━━━━━ Entries shown

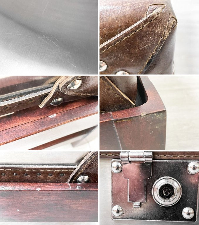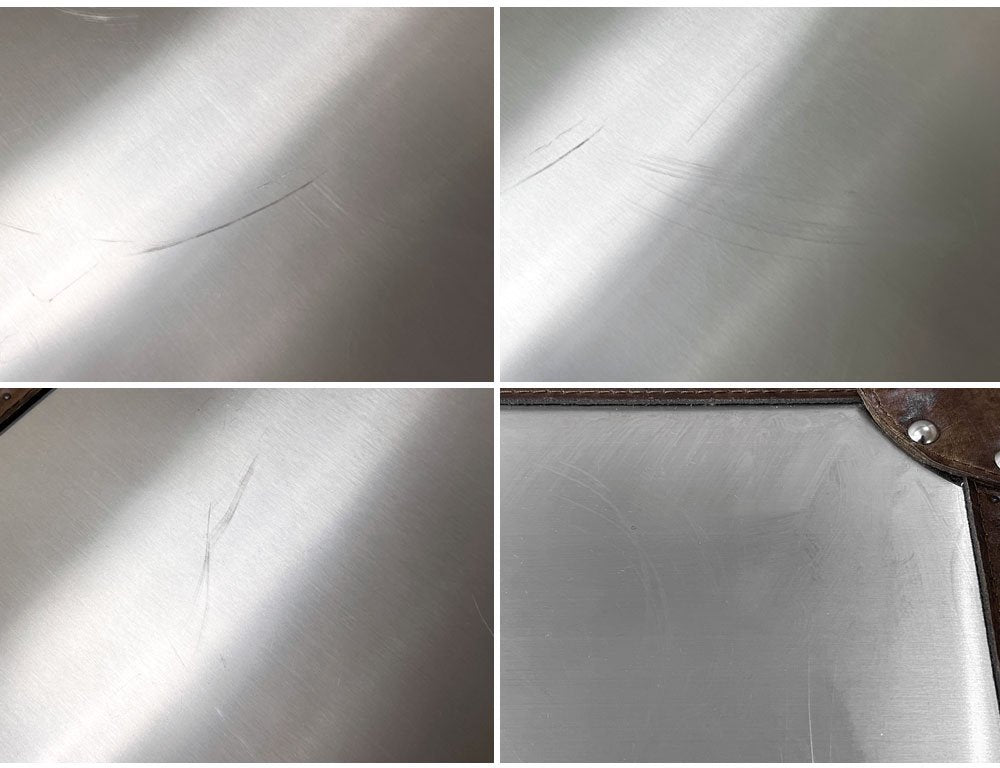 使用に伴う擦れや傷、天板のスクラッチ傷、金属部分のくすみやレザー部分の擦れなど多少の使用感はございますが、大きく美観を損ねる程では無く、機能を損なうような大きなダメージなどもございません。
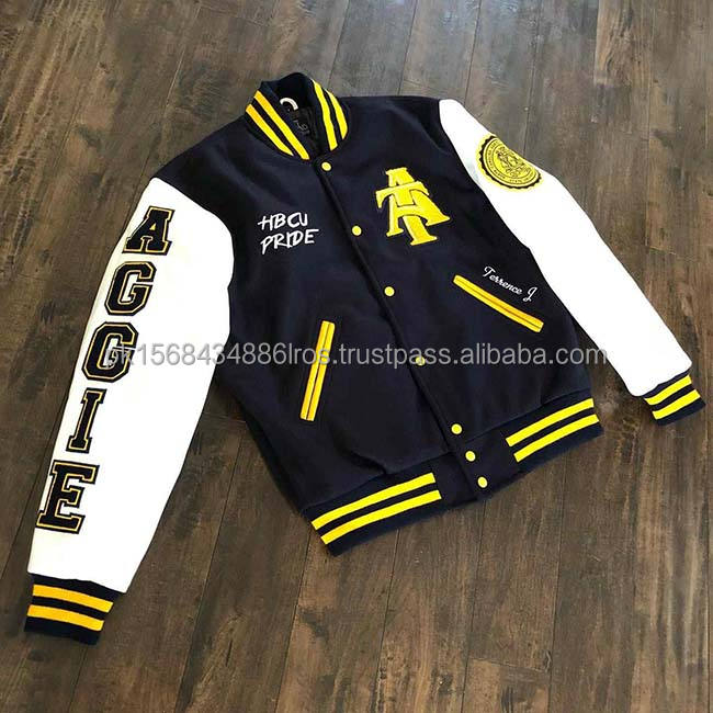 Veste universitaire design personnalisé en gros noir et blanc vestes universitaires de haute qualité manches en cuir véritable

━━━━━━━━━━
━━━━━ Entries shown

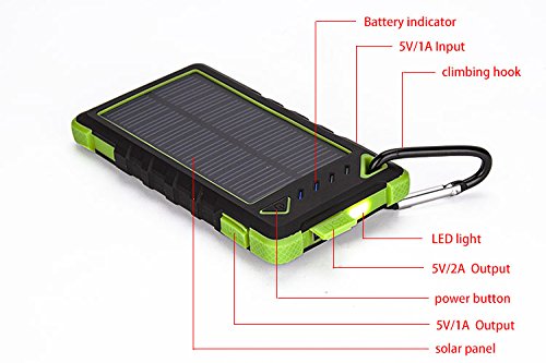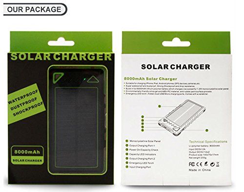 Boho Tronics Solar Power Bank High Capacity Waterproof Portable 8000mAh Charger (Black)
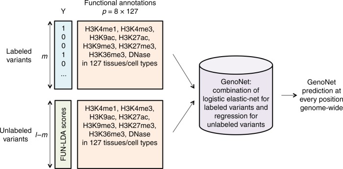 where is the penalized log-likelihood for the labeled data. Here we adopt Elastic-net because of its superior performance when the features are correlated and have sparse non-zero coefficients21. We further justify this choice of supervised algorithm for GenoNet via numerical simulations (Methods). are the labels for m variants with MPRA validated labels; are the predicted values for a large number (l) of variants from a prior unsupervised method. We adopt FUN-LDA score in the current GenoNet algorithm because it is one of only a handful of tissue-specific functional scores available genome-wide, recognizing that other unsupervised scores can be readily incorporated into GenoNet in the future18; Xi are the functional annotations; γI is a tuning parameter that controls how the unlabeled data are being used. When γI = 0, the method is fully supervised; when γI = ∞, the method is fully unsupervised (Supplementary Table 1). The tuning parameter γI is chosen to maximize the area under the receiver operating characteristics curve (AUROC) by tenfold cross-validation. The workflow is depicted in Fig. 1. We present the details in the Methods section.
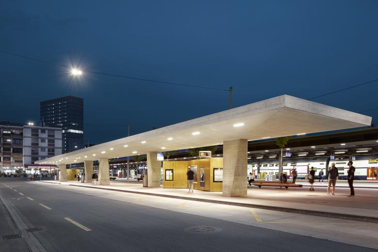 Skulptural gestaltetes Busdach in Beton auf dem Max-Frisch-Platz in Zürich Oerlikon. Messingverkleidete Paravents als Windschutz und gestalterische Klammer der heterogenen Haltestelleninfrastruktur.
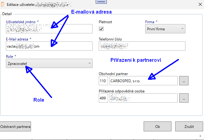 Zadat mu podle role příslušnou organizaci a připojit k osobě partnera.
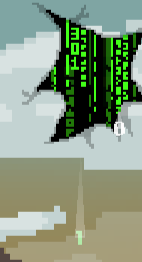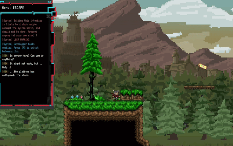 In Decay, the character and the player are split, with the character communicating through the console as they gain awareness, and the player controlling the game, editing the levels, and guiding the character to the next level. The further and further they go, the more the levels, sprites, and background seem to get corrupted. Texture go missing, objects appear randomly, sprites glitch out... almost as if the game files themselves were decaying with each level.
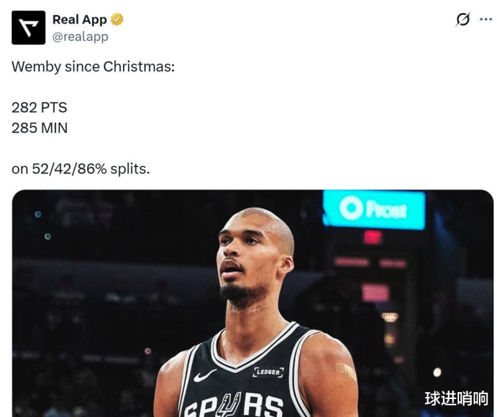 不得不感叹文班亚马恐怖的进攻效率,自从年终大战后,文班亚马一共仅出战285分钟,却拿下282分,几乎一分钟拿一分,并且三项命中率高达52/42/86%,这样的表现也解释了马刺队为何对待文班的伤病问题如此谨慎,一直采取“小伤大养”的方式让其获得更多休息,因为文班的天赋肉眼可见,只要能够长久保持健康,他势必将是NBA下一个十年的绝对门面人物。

━━━━━━━━━━

Output exactly the lines of the listing above that start with the one holding "Skulptural gestaltetes Busdach" and go on through the one holding "不得不感叹文班亚马恐怖的进攻"; leave the pictures out.

 Skulptural gestaltetes Busdach in Beton auf dem Max-Frisch-Platz in Zürich Oerlikon. Messingverkleidete Paravents als Windschutz und gestalterische Klammer der heterogenen Haltestelleninfrastruktur.
 Zadat mu podle role příslušnou organizaci a připojit k osobě partnera.
 In Decay, the character and the player are split, with the character communicating through the console as they gain awareness, and the player controlling the game, editing the levels, and guiding the character to the next level. The further and further they go, the more the levels, sprites, and background seem to get corrupted. Texture go missing, objects appear randomly, sprites glitch out... almost as if the game files themselves were decaying with each level.
 不得不感叹文班亚马恐怖的进攻效率,自从年终大战后,文班亚马一共仅出战285分钟,却拿下282分,几乎一分钟拿一分,并且三项命中率高达52/42/86%,这样的表现也解释了马刺队为何对待文班的伤病问题如此谨慎,一直采取“小伤大养”的方式让其获得更多休息,因为文班的天赋肉眼可见,只要能够长久保持健康,他势必将是NBA下一个十年的绝对门面人物。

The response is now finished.